Thursday, July 6, 2017

Swing Shift: SPIDER-MAN: HOMECOMING



The latest product from the Marvel Studios factory is Spider-Man: Homecoming, a co-production with Columbia Pictures, that company making less an admission of failure and more a signal of strong showbiz jealousies. The Sony subsidiary hasn’t been able to make a Spider-Man feature as good as Sam Raimi’s since letting him go, but surely the powers that be were only interested in loosening the reins on their rights to the character when they saw the consistent huge grosses and quality control over at the Marvel Cinematic Universe. They didn’t want to do right by the character so much as do right by their producers and stockholders. Still, the result is precisely what you’d hope and expect from bringing in the people who brought us the whole Avengers product line. It’s brightly lit and full of good-humored banter, features a great cast of familiar faces playing colorful characters, and stops every so often for a dazzlement of colorful CG. Though the formula’s getting tired, this new entry manages a high degree of charm and fast-paced entertainment (and even a few genuine surprises). In addition to the predictable polish and routine beats of a Marvel plot machine, this widget has a sweetness and an energy that makes it slightly better than average. It’s good fun.

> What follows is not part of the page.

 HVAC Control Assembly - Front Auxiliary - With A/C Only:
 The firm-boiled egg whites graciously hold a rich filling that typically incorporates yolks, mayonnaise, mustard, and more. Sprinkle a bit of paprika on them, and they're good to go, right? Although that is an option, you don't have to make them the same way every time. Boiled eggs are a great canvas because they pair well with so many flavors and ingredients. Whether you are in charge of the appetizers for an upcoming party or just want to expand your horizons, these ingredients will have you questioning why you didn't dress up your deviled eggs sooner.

Picking up during the events of last year’s Captain America: Civil War, where this new interpretation of Spidey was first introduced recruited by Iron Man to be a potential second-string Avenger, Homecoming finds Peter Parker (Tom Holland) initially excited to be one of the gang. (This movie’s biggest uphill climb is having to bounce its continuity out of what was easily the MCU’s worst movie, a dull grey 147-minute slog.)  Alas, his dreams will not be coming true any time soon. Tony Stark (Robert Downey Jr.) gifts him a souped-up supersuit and tells him to stick to being a friendly neighborhood Spider-Man. The boy’s just fifteen, after all. There’ll be plenty of time to be a real hero when he’s older. This leaves the kid antsy and eager to prove himself, and allows the movie to stretch out with what’s always best about Spidey’s appeal: his average, every day, everyman problems. He has homework, an extracurricular academic challenge team, a cheerfully nerdy best friend (Jacob Batalon), an unrequited crush (Laura Harrier), a bully (Tony Revolori), a sweet prickly teammate (Zendaya), and a kind aunt (Marisa Tomei). He has a lot on his plate, plus the whole sneaking out every evening to patrol the streets, swinging from buildings to stop bike thieves and ATM bandits. 

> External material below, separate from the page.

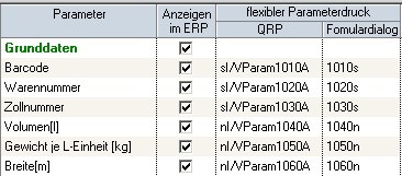 Als Hilfestellung können die Einträge in den Spalten "Flexibler Parameterdruck QRP/Formulardialog" verwendet werden. Diese sind im Fenster "Parametersichtbarkeit" zu finden. Bei den Variablen- und Itembezeichnungen im QRP muss lediglich noch vom Benutzer festgelegt werden, ob der Parameter als Item (I) oder Variable (V) angedruckt werden soll.
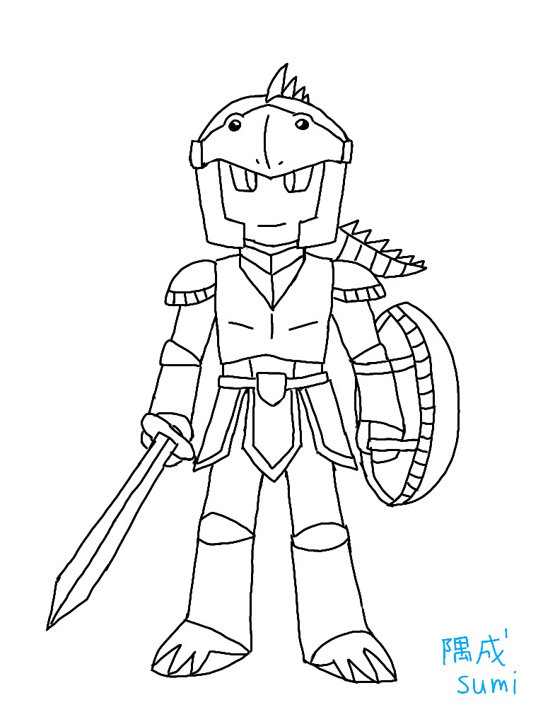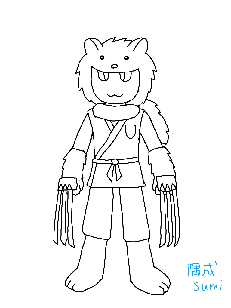 一方、創作キャラ(動物モチーフのRPG風人型戦士)の新しい立ち絵も少しずつ進めていった。まだ色塗りしてないので一応ぬり絵として使える画像。

Writer-director Jon Watts (of the small, tense, kids-in-over-their-heads thriller Cop Car) and his five co-writers understand the inherent charm of Spider-Man. They make him a relatable stressed-out teenager, just trying to fit in and do well at school while testing his powers. (They’re great, after all, and so, too, are his responsibilities.) With a bounce in its step, the movie makes like its hero and juggles the demands placed upon it quite skillfully. It weaves itself into the fabric of the MCU with better deftness than some of its inferiors, rooting its villain (The Vulture, played by Batman and Birdman himself, Michael Keaton) motivation in the aftermath of The Avengers. One of the more memorable villains in this mega-franchise, his backstory has him with a contract to clean up the damage from the alien battle, a lucrative deal that gets pulled when SHIELD classifies the high-tech debris. Now he’s flying in a makeshift jet-propelled wingspan, making his money on the black market, smuggling gadgets stolen from the various film’s climactic calamities (Winter Soldier’s D.C. craters, Ultron’s rattled fictional city, and so on). He and Peter – little guys hoping to make big marks – both have struggles proving themselves in this new outsized ecosphere of heroes and villains, which gives their clash a little charge. Keaton’s world-weariness plays nicely against Holland’s adorably boyish happy-to-be-here excitement, making for a compelling conflict.

Because the bad guy’s a local low-level troublemaker, he first shows up on Peter’s radar. Since the boy has trouble convincing Stark’s assistant (Jon Favreau) to take his calls, he feels obligated to put a stop to the mystery man’s bad deeds as he continually crosses paths with the evil plot. All this and the big dance, too. There’s the usual roster of fun character actors popping up to give the zippy plot some added wit and texture (Donald Glover, Bokeem Woodbine, Hannibal Buress, Angourie Rice, Martin Starr, and Michael Mando among the pleasant surprises popping up in tiny roles). They keep things pleasant and crackling with an agreeable comic charge between big splashy two-page spreads of action – leaping between buildings and off monuments, tussling with henchmen and saving civilians – that make for the usual superhero shenanigans. These are all suitably loud and explosive, but also swing with Spidey’s nimble acrobatics. Watts has managed to make a movie sparkling with enough fun and invention that its small piece pumps some life back to the larger franchise puzzle. It simply feels good to spend two hours with a character whose biggest conflict is wanting to contribute more positive impact in the world than he can manage. It’s easy to root for him.